▶ **Stored items**:
╔══

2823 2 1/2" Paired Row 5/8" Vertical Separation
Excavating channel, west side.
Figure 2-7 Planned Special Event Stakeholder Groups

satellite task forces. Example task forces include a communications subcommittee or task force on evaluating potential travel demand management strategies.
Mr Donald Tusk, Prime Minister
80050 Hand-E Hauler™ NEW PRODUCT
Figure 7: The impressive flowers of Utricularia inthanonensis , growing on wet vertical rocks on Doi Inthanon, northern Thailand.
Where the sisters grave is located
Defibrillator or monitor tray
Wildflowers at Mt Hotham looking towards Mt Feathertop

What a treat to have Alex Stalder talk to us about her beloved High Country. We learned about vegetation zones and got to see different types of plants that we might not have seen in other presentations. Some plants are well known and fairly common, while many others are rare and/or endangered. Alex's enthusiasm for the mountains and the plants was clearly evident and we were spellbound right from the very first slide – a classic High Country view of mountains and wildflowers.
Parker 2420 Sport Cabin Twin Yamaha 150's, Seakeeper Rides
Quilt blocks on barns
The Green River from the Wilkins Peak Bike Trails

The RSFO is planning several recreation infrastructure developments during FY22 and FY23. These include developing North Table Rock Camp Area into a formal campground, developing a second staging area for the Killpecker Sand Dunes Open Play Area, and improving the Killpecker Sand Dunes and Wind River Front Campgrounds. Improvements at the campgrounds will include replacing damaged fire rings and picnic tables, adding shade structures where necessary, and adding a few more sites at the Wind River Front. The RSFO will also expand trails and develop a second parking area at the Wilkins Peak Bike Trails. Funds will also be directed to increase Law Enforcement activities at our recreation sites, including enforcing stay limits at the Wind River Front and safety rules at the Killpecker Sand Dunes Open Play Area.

╚══
╔══

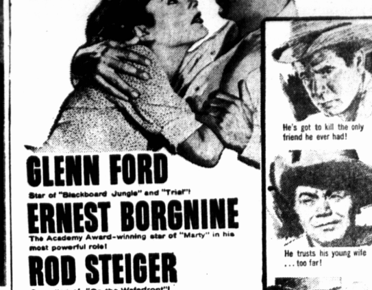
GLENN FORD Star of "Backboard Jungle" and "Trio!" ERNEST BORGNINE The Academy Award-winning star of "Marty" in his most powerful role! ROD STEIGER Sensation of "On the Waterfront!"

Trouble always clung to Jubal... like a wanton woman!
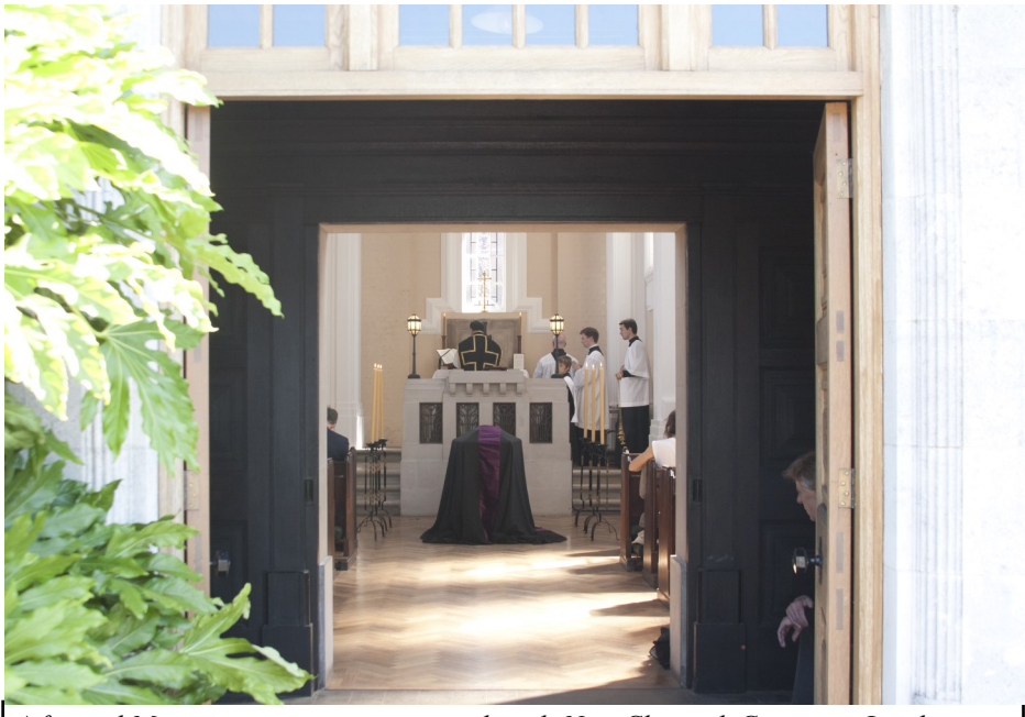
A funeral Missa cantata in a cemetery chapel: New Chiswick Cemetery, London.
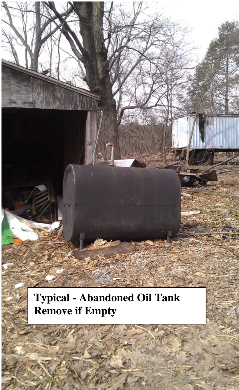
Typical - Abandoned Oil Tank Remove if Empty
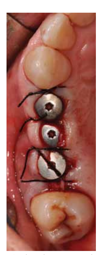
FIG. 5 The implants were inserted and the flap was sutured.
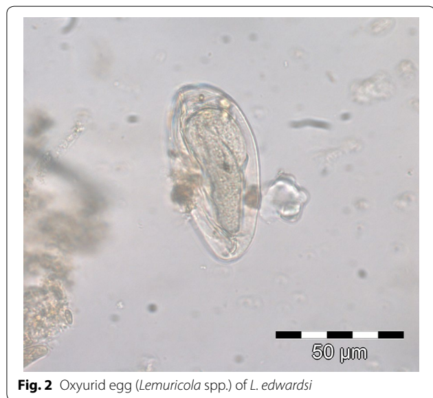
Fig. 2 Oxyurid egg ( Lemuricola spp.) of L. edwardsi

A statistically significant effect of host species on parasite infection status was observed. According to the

╚══

▶ **REQUIRED WORK**:
Lines that include the word "Bike" are to be extracted from the data above.

▶ **TASK SOLUTION**:
The Green River from the Wilkins Peak Bike Trails
The RSFO is planning several recreation infrastructure developments during FY22 and FY23. These include developing North Table Rock Camp Area into a formal campground, developing a second staging area for the Killpecker Sand Dunes Open Play Area, and improving the Killpecker Sand Dunes and Wind River Front Campgrounds. Improvements at the campgrounds will include replacing damaged fire rings and picnic tables, adding shade structures where necessary, and adding a few more sites at the Wind River Front. The RSFO will also expand trails and develop a second parking area at the Wilkins Peak Bike Trails. Funds will also be directed to increase Law Enforcement activities at our recreation sites, including enforcing stay limits at the Wind River Front and safety rules at the Killpecker Sand Dunes Open Play Area.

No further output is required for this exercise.